Stored data
--
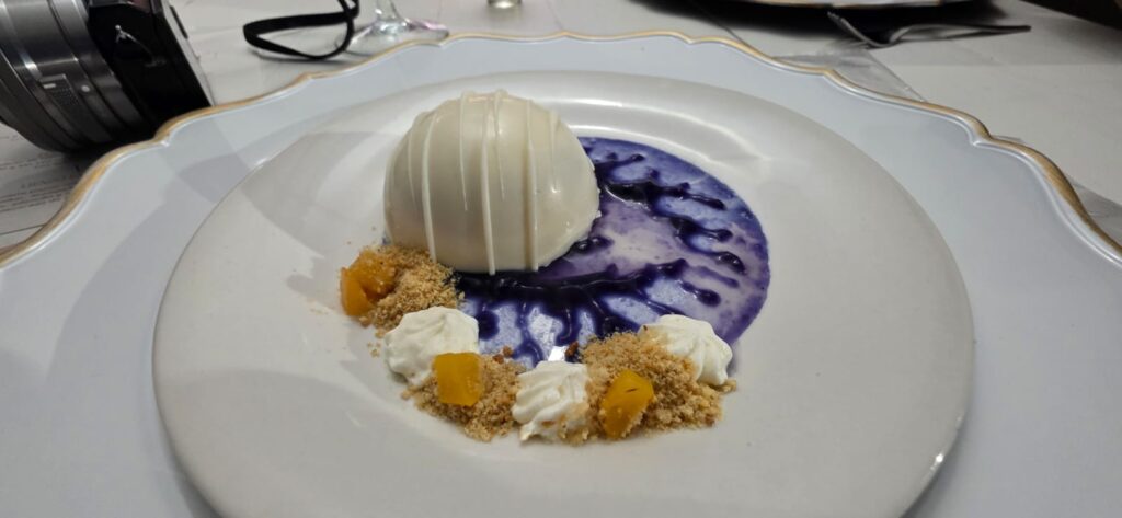 Además, se degustó un pre-postre en donde los ingredientes principales fueron la jamaica y el garambullo. Y en el postre, una esfera de chocolates blanco relleno de mousse de vainilla con duraznos en almíbar.
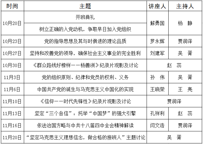 1、请各班级、各专业团(党)支部全面考察、认真选拔,于10月15日下午5时前确定参加党课培训的推荐人选, 10月16日由公司党委会议研究确定培训名单并在全院范围内公示。
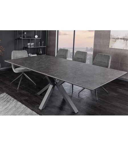 Moderne rechthoekige uitschuifbare eettafel met tafelblad van keramiek in de kleur grafietgrijs. De tafel is voorzien van zwart metalen onderstel. Deze stijlvolle eettafel wordt het middelpunt van uw eethoek! Het moderne tafelblad van hoogwaardig Italiaans keramiek in grafietgrijs maakt niet alleen indruk met zijn exclusieve design, maar ook met zijn buitengewone weerstand. Het zacht gestructureerde oppervlak geeft het een bijzonder gevoel en zet elegante accenten.Deze eettafel heeft de ca.... ...
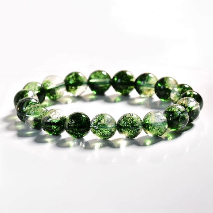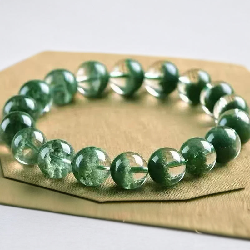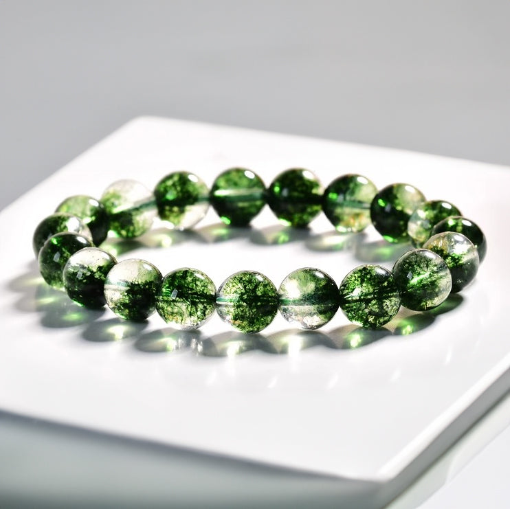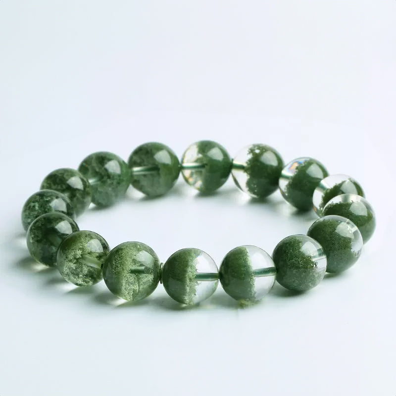 This Green Phantom Crystal bracelet showcases the unique energy and beauty of nature. Each translucent Green Phantom Crystal bead contains moss-like inclusions, symbolizing vitality and growth. This bracelet is not only a delicate piece of jewelry but is also believed to help balance the wearer's energy, enhance spiritual connection, and improve clarity. With its distinctive energy properties, Green Phantom Crystal is often used in meditation and energy healing, aiding in achieving inner peace and focus.
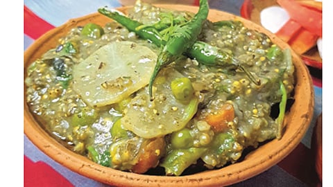 पारंपारिक पद्धतीत बाजरी भाताप्रमाणे किंवा खिचडीप्रमाणे शिजवून दूध, ताक किंवा कढीसोबत खाल्ली जाते. आपण या पारंपारिक रेसिपीमध्ये थोडा बदल करून बाजीरीच्या ठोंबऱ्याला या सुगीतील रंगीबेरंगी भाज्यांसोबत बनविणार आहोत.
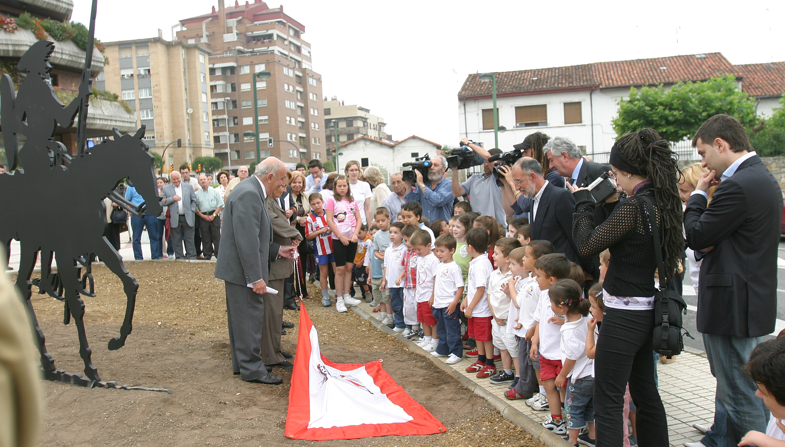 24.6.2005. Inauguración de la escultura de Don Quijote y Sancho en Viesques. Foto: Joaquín Bilbao (Muséu del Pueblu d’Asturies.
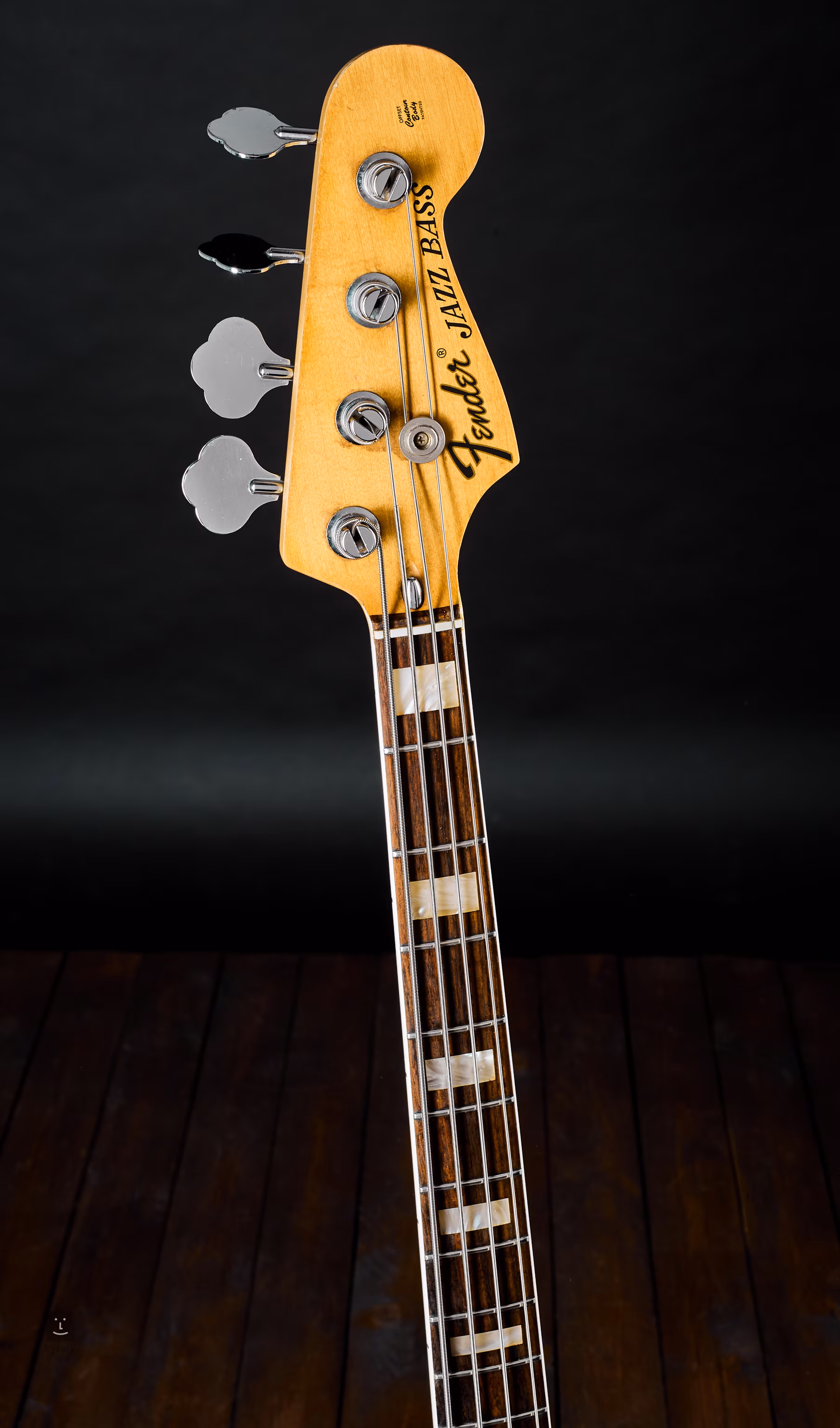 Jazz Bass z roku 1976 s jasanovým tělem a palisandrovým hmatníkem. Jeden z posledních nástrojů s velkým TV logem.
--
## DIRECTIONS FOR THIS TASK
Nothing but an exact copy of the data, without pictures, should be returned.

## WRITTEN REPLY
 Además, se degustó un pre-postre en donde los ingredientes principales fueron la jamaica y el garambullo. Y en el postre, una esfera de chocolates blanco relleno de mousse de vainilla con duraznos en almíbar.
 1、请各班级、各专业团(党)支部全面考察、认真选拔,于10月15日下午5时前确定参加党课培训的推荐人选, 10月16日由公司党委会议研究确定培训名单并在全院范围内公示。
 Moderne rechthoekige uitschuifbare eettafel met tafelblad van keramiek in de kleur grafietgrijs. De tafel is voorzien van zwart metalen onderstel. Deze stijlvolle eettafel wordt het middelpunt van uw eethoek! Het moderne tafelblad van hoogwaardig Italiaans keramiek in grafietgrijs maakt niet alleen indruk met zijn exclusieve design, maar ook met zijn buitengewone weerstand. Het zacht gestructureerde oppervlak geeft het een bijzonder gevoel en zet elegante accenten.Deze eettafel heeft de ca.... ...
 This Green Phantom Crystal bracelet showcases the unique energy and beauty of nature. Each translucent Green Phantom Crystal bead contains moss-like inclusions, symbolizing vitality and growth. This bracelet is not only a delicate piece of jewelry but is also believed to help balance the wearer's energy, enhance spiritual connection, and improve clarity. With its distinctive energy properties, Green Phantom Crystal is often used in meditation and energy healing, aiding in achieving inner peace and focus.
 पारंपारिक पद्धतीत बाजरी भाताप्रमाणे किंवा खिचडीप्रमाणे शिजवून दूध, ताक किंवा कढीसोबत खाल्ली जाते. आपण या पारंपारिक रेसिपीमध्ये थोडा बदल करून बाजीरीच्या ठोंबऱ्याला या सुगीतील रंगीबेरंगी भाज्यांसोबत बनविणार आहोत.
 24.6.2005. Inauguración de la escultura de Don Quijote y Sancho en Viesques. Foto: Joaquín Bilbao (Muséu del Pueblu d’Asturies.
 Jazz Bass z roku 1976 s jasanovým tělem a palisandrovým hmatníkem. Jeden z posledních nástrojů s velkým TV logem.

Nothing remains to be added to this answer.